(Former) CEO The Nature Conservancy and the Gordon and Betty Moore Foundation
- In office 2000–2014

Personal details
- Born: 1951 (age 73–74)
- Spouse: Kathryn
- Children: 2
- Alma mater: UC Berkeley, University of California, Hastings College of the Law

= Steve McCormick (executive) =

Steve McCormick is the former president of The Gordon and Betty Moore Foundation (2007–2014) and the former president and CEO of The Nature Conservancy (2000–2007). In May 2014, Gordon Moore announced that McCormick was leaving the Moore Foundation to co-found a startup to create the first global, open-source database on ecosystem services and natural capital, called The Earth Genome. McCormick is a board member for many social impact and environmental organizations.

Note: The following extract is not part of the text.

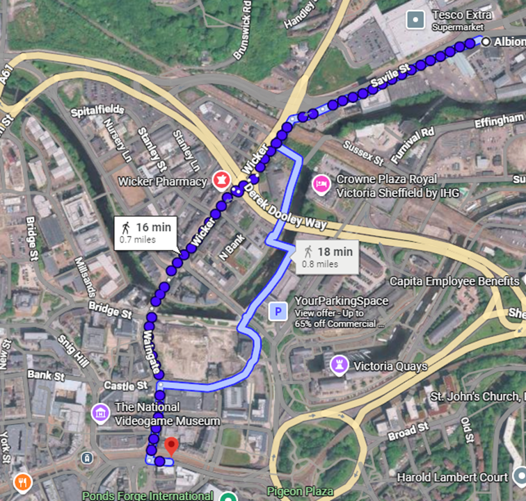 - (1) Tesco Extra, 1 Savile St, S4 7UD (<2 min walk) There will be parking restrictions here, please ensure you pay attention to signs within the car park

== The Nature Conservancy ==
McCormick is credited with reorganizing The Nature Conservancy (TNC) into a "truly global entity to fulfill its mission." During his tenure, the group grew to operate in 30 countries and all 50 states in the United States, with revenues in excess of $650 million, with its assets increasing to $5.4 billion. McCormick began his career with TNC in 1976 as western regional legal counsel. He then spent 16 years as executive director of California and Western Region. In 2004, he asked TNC's science staff to develop a framework to guide global conservation at the organization, which ultimately produced The Atlas of Global Conservation to collate environmental information He led the effort to create and incorporate the strategic framework that still guides the group's work, called Conservation by Design (see "Method" at The Nature Conservancy). On June 8, 2005, McCormick defended TNC's land acquisition practices in front of the United States Senate Committee on Finance, after a 2003 Washington Post article, Nonprofit Land Bank Amasses Millions, questioned TNC's motives. An academic study of the incident concluded that the Post's analysis was "reductionist" to the point of "misleading."

== The Moore Foundation ==

As president and CEO of the Moore Foundation, McCormick wrote prolifically on the importance of supporting basic science, especially for environmental conservation. McCormick oversaw more than $1 billion in grants, many of which were granted to scientific research, including $34.2 million to simulate experimental research in the physics of quantum materials and $12.5 million (joint with Sloan Foundation) to the Berkeley Institute for Data Science. McCormick left "abruptly" with much speculation as to why. It became clear in subsequent months that McCormick left to create a 501(c)(3) non-profit, The Earth Genome, to make environmental information more accessible, using best practices from the tech industry.

== Board service and awards ==
McCormick has served on numerous boards, including The Independent Sector, Sustainable Conservation, the California Academy of Sciences, and the advisory board of the UC Berkeley College of Natural Resources. He is the recipient of the Chevron Conservation Award; the Department of Interior Silver Award; and the Edmund G. Brown Award for Environmental and Economic Balance.